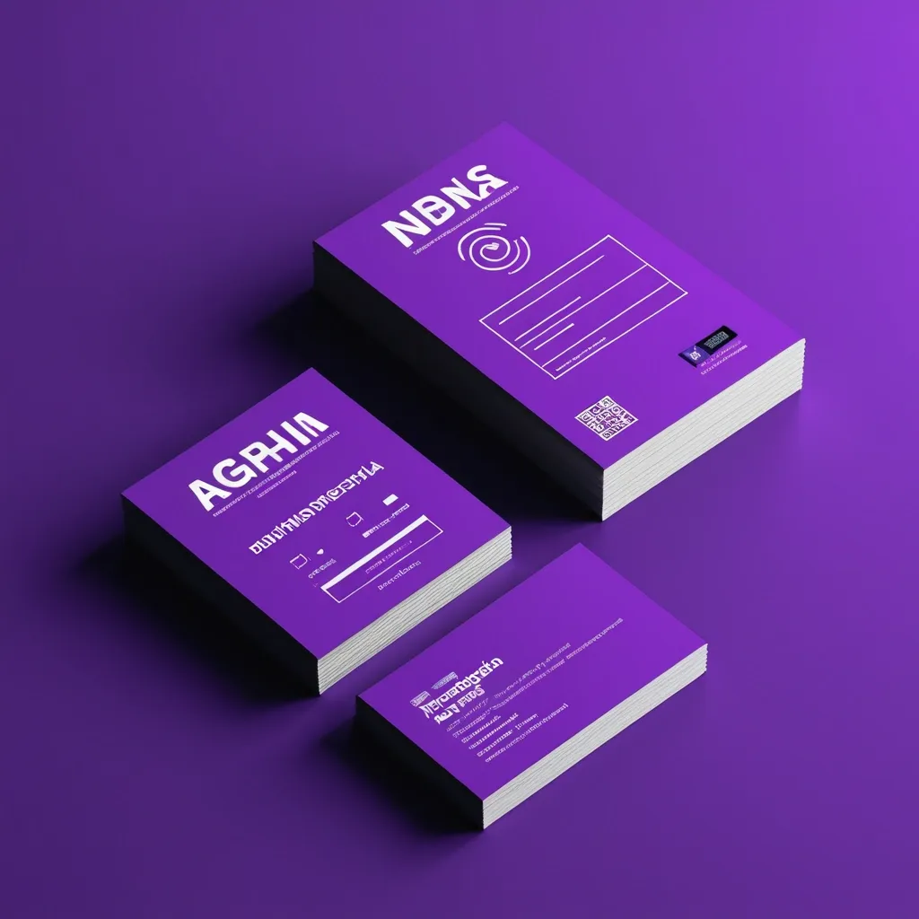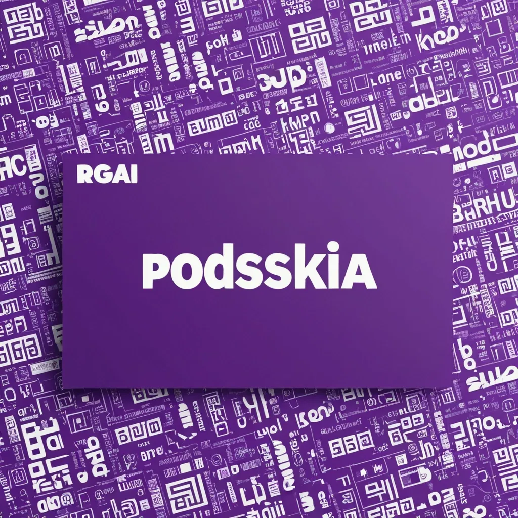 create business card for it project that is website about news and social media trends. the concept of the project is that it's collects numerous social media publications and detects trends. the style must include purple (like electric purple or neon purple color). one side of card must be purple and the other white. on the purple side there must be word cloud with media trends (labubu , tiktok , ikea , k-pop etc). on the other side there must be name of project ("PODSLUSHKA") , it's URL and QR code ,
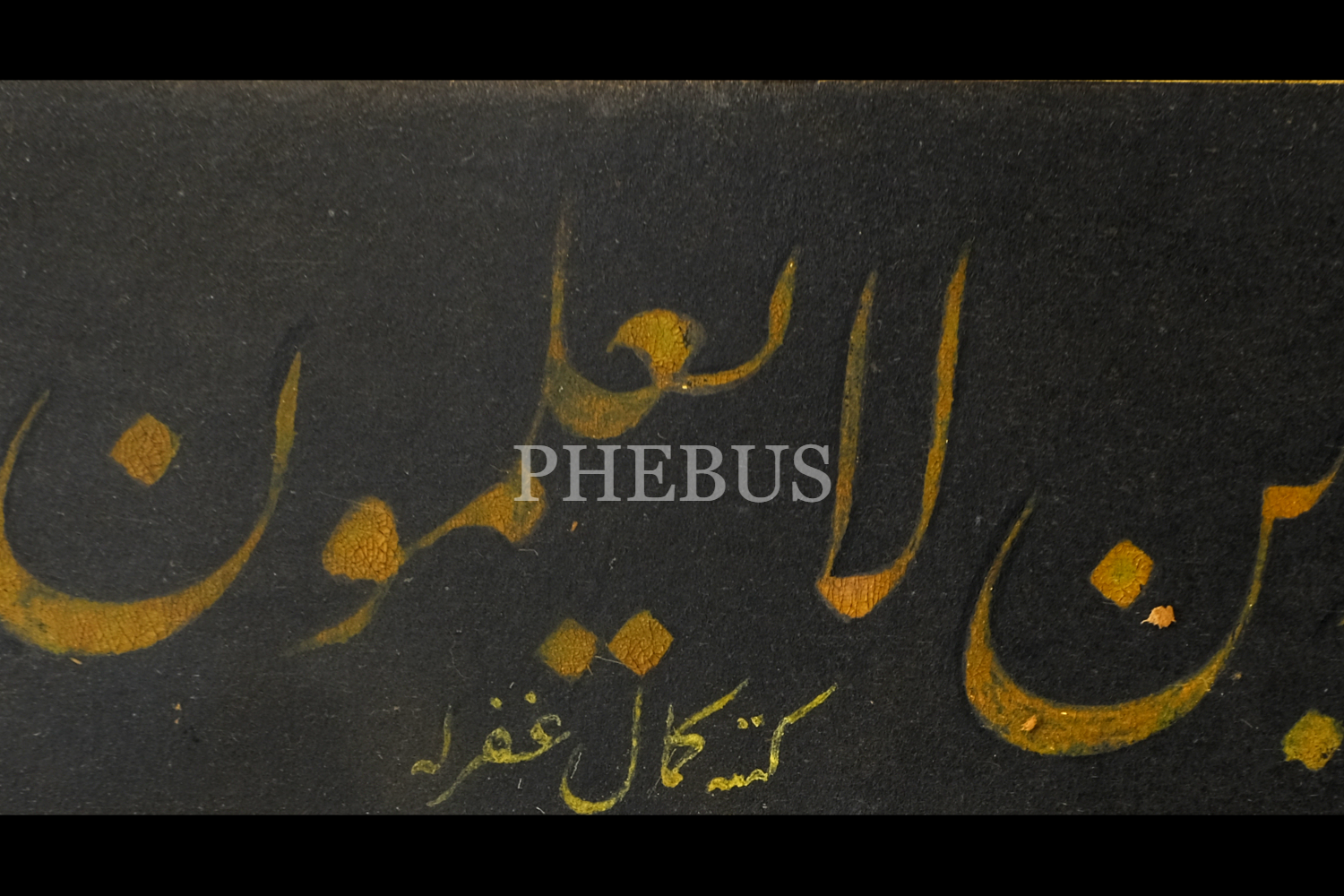 Kemal (Batanay) ketebeli celi talik âyet, 1362 tarihli, yazı ölçü: 36x5 cm, çerçeve içi ölçü: 46x15 cm...
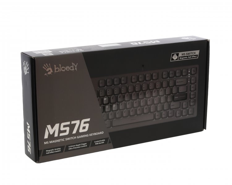 Магнітні перемикачі Bloody MS з функцією гарячої заміни. Точно сконструйовані магнітні перемикачі забезпечують плавне натискання клавіш з тонко відкаліброваним опором. Кожна клавіша спрацьовує з точністю 25 ±5 cN, забезпечуючи швидкий відскок і повний контроль. Розроблені з ресурсом 100 мільйонів натискань
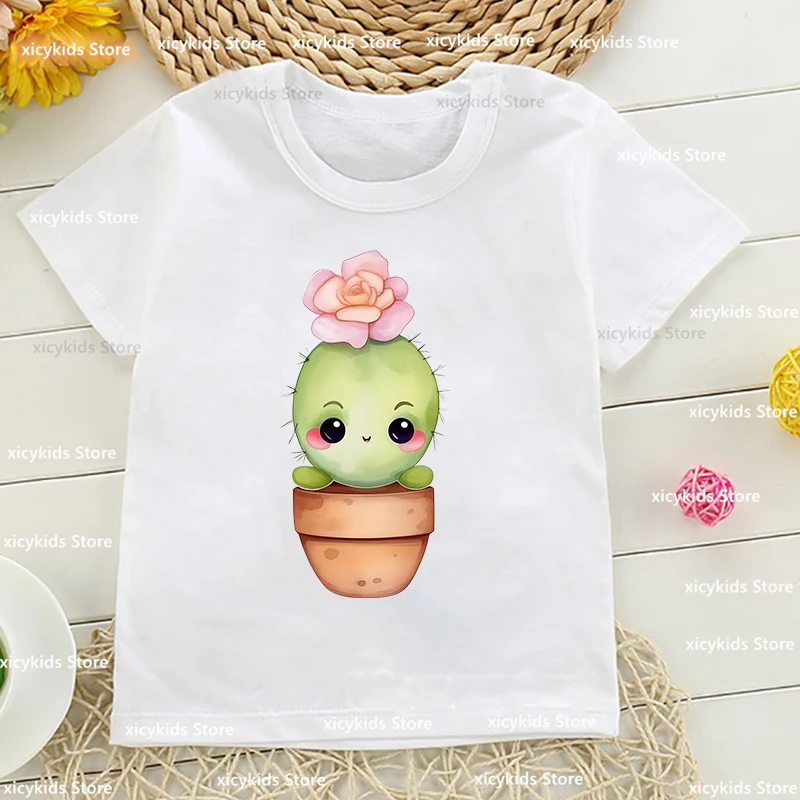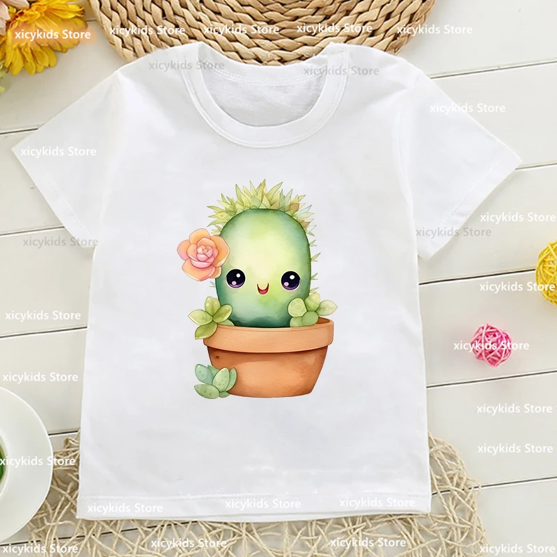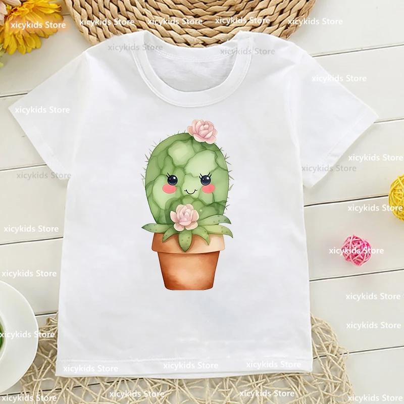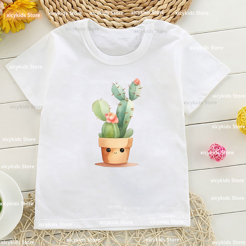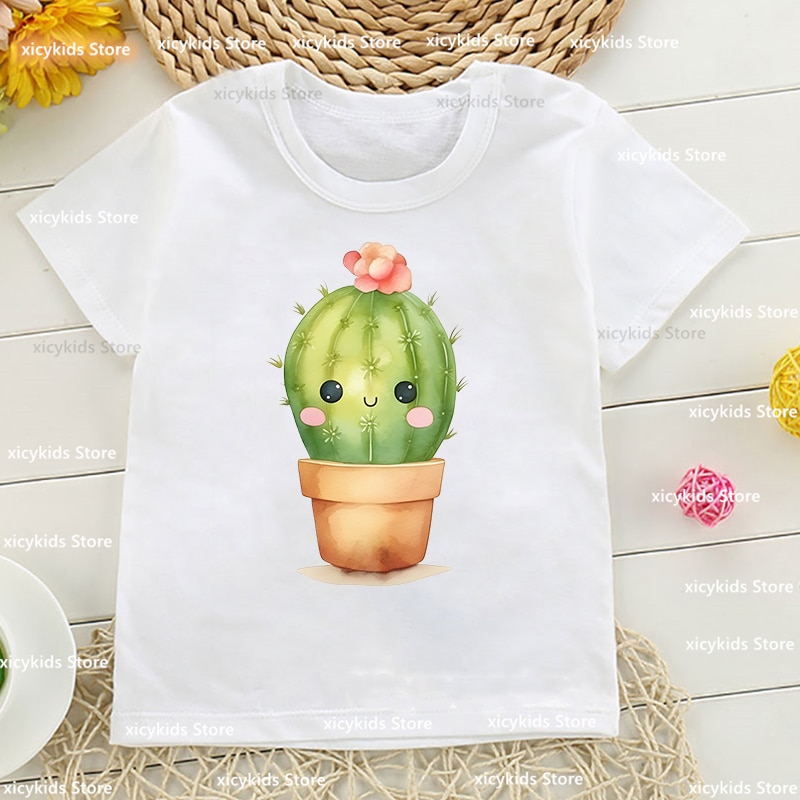 Новинка, футболка для девочек, смешные футболки с мультяшным принтом кактуса для мальчиков, летние детские футболки в стиле Харадзюку, милая универсальная одежда для мальчиков и девочек

» **What you will do**: Any picture in the listing above gets left out; output the rest exactly.

» **Task response**:
 create business card for it project that is website about news and social media trends. the concept of the project is that it's collects numerous social media publications and detects trends. the style must include purple (like electric purple or neon purple color). one side of card must be purple and the other white. on the purple side there must be word cloud with media trends (labubu , tiktok , ikea , k-pop etc). on the other side there must be name of project ("PODSLUSHKA") , it's URL and QR code ,
 Kemal (Batanay) ketebeli celi talik âyet, 1362 tarihli, yazı ölçü: 36x5 cm, çerçeve içi ölçü: 46x15 cm...
 Магнітні перемикачі Bloody MS з функцією гарячої заміни. Точно сконструйовані магнітні перемикачі забезпечують плавне натискання клавіш з тонко відкаліброваним опором. Кожна клавіша спрацьовує з точністю 25 ±5 cN, забезпечуючи швидкий відскок і повний контроль. Розроблені з ресурсом 100 мільйонів натискань
 Новинка, футболка для девочек, смешные футболки с мультяшным принтом кактуса для мальчиков, летние детские футболки в стиле Харадзюку, милая универсальная одежда для мальчиков и девочек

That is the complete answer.